Kamis, 19 Februari 2009

Ketika Terjadi Pertarungan Kumis antara Sofyan Djalil, Thukul Arkatro, dan Irsha Orang Tak Mampu

Syukurlah, Republik Mimpi kembali ke nama asalnya setelah sempat berubah menjadi Kerajaan Mimpi dengan alasan (ancaman?) somasi (entah oleh siapa). Untung saja tidak berakhir sebagai Republik Mampus sehingga Menkominfo Sofyan Djalil terus menebar pesona kumis feodalnya di seluruh tayangan acara stasiun televisi.

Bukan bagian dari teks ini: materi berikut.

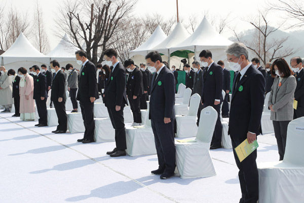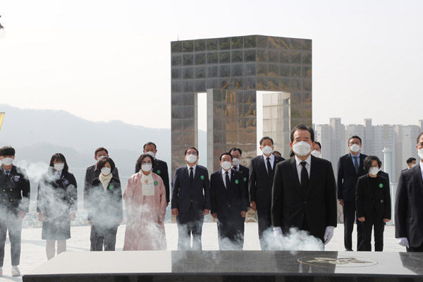 정세균 국무총리는 3‧15의거 제61주년을 맞아, 허성무 창원시장 등과 함께 기념식에 참석하고 민주묘지에 헌화와 참배를 했다.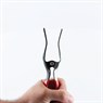 Features sharpened “V” jaw for secure grip and spring return for easy operation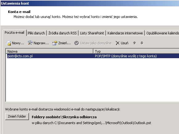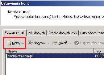 Aby dodać nowe konto pocztowe należy kliknąć przycisk Nowy…: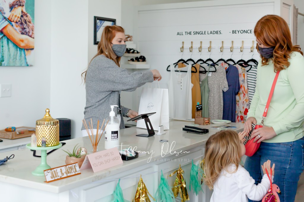 On Saturday, May 8, Jade + Jasper women’s boutique owner, Ashley Nowacki, hosted an All About Mom event with Becky Korf, owner of Bittersweet Arrangers, and me. Alphalit Fargo was there with the cutest MOM marquee letters set up outside the shop, and neighboring businesses, Moxie Java and The Lights Nutrition also offered specials for customers of the event.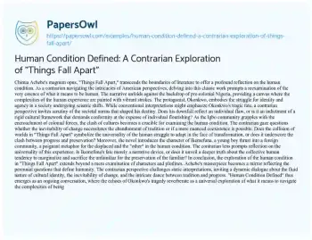 Human Condition Defined: A Contrarian Exploration of "Things Fall Apart". (2023, Dec 22). Retrieved from https://hub.papersowl.com/examples/human-condition-defined-a-contrarian-exploration-of-things-fall-apart/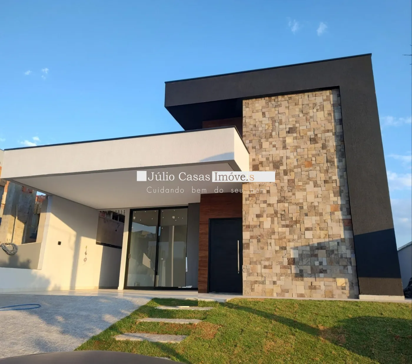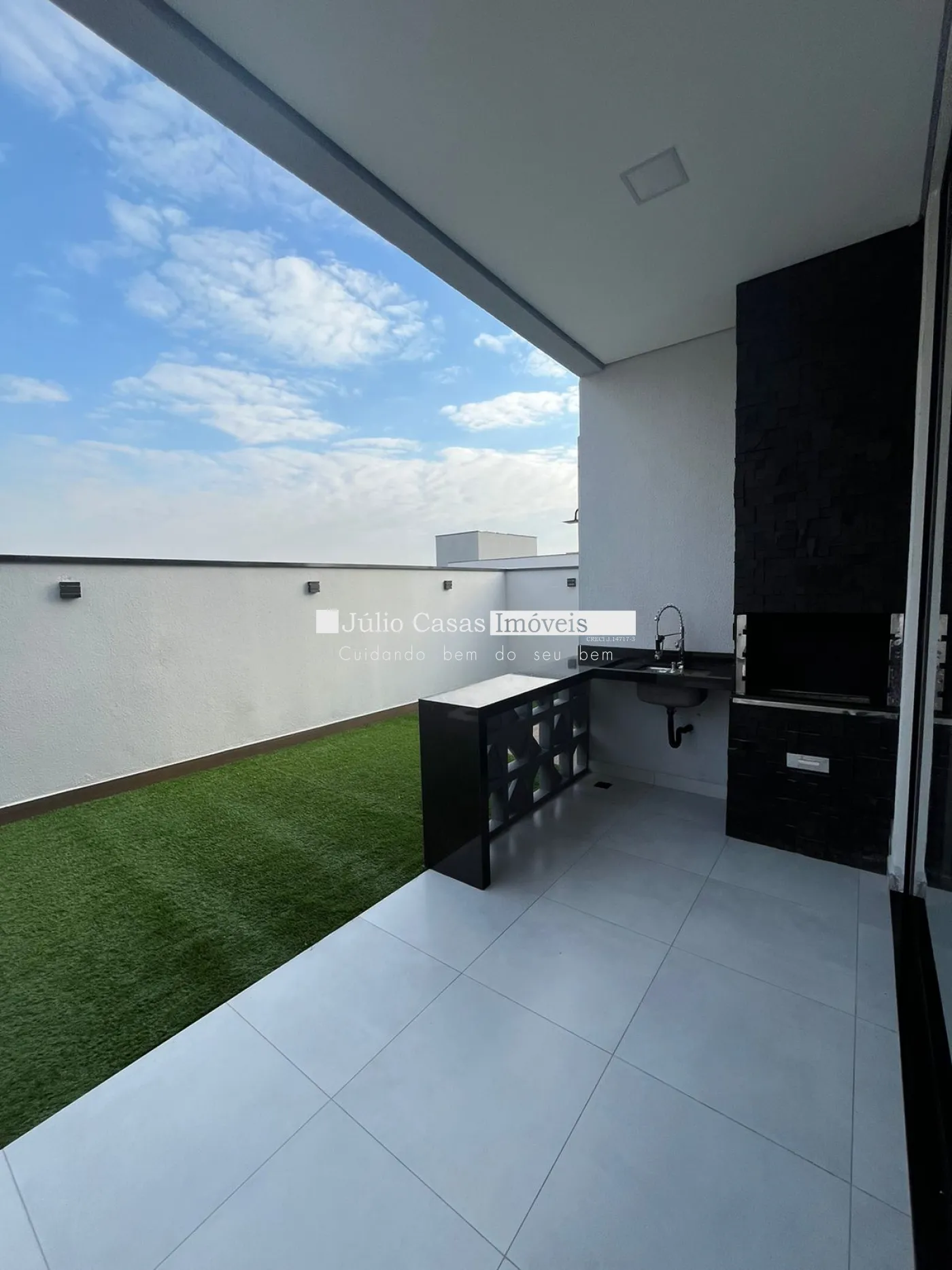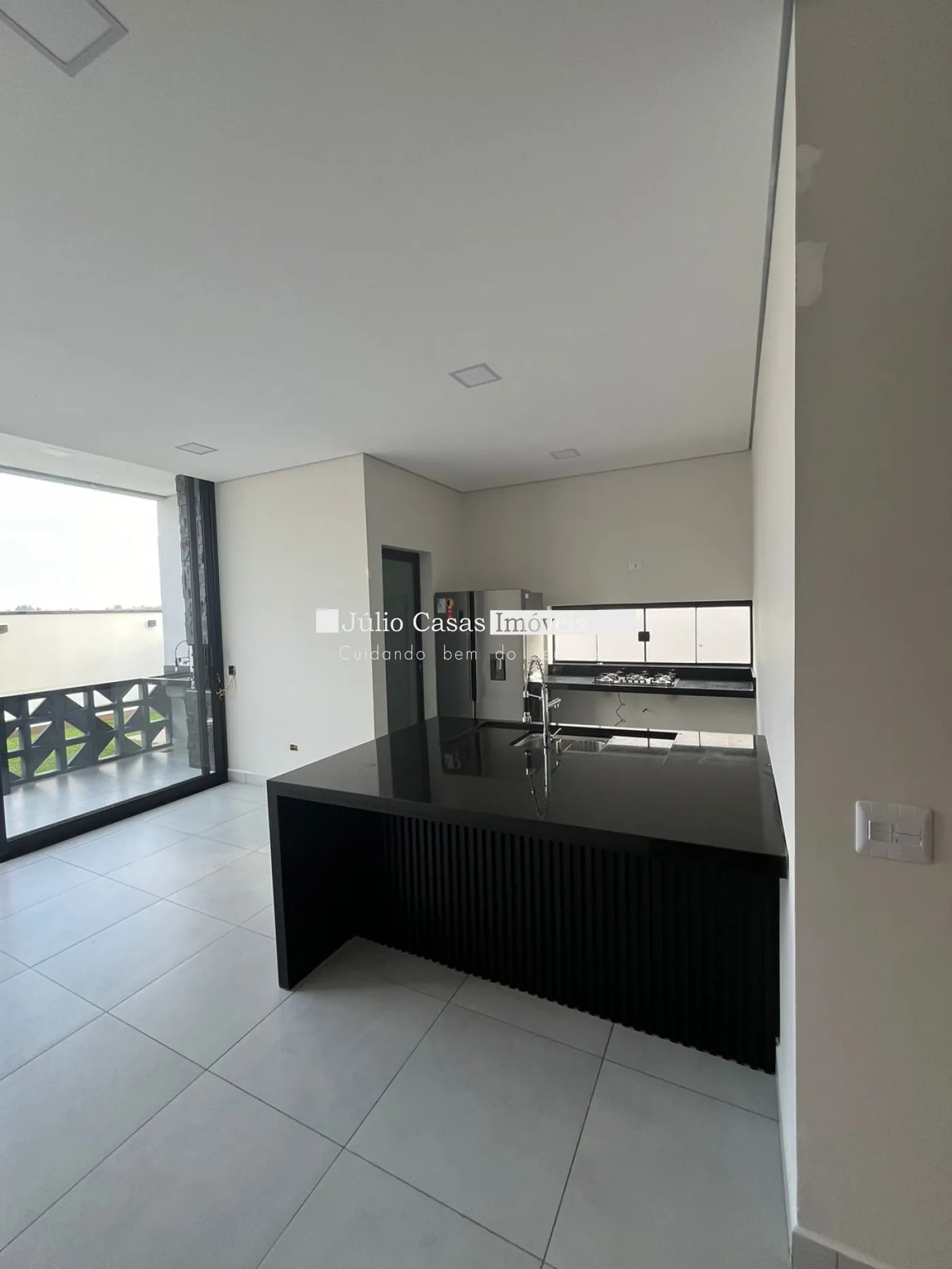 Acabamentos em granito São Gabriel e esquadrias de alumínio preto.

Masalah intervensi kekanakan aparatur rezim Susilo Bambang Yudoyono-Jusuf Kalla dalam tayangan parodi politik di televisi, seingat saya, sudah terjadi dua kali ini. Pertama kali pada acara Republik BBM di Indosiar yang akhirnya menjadi Republik Benar-Benar Mati. Sementara pencabutan somasi sehingga Republik Mimpi kembali ke sedia kala, mengingatkan saya kepada peristiwa inkonsistenitas pemerintah melalui PP 37/2006 yang menghebohkan itu. Di sisi lain, keberadaan seorang juru bicara, Andi Malarangeng, tidak lebih dari sebuah corong berkumis belaka, sebab sebelum berdirinya rezim SBY-JK Andi pun pernah berduet (saya lupa namanya) dalam suatu acara yang mengilik-ngilik pemerintahan masa itu.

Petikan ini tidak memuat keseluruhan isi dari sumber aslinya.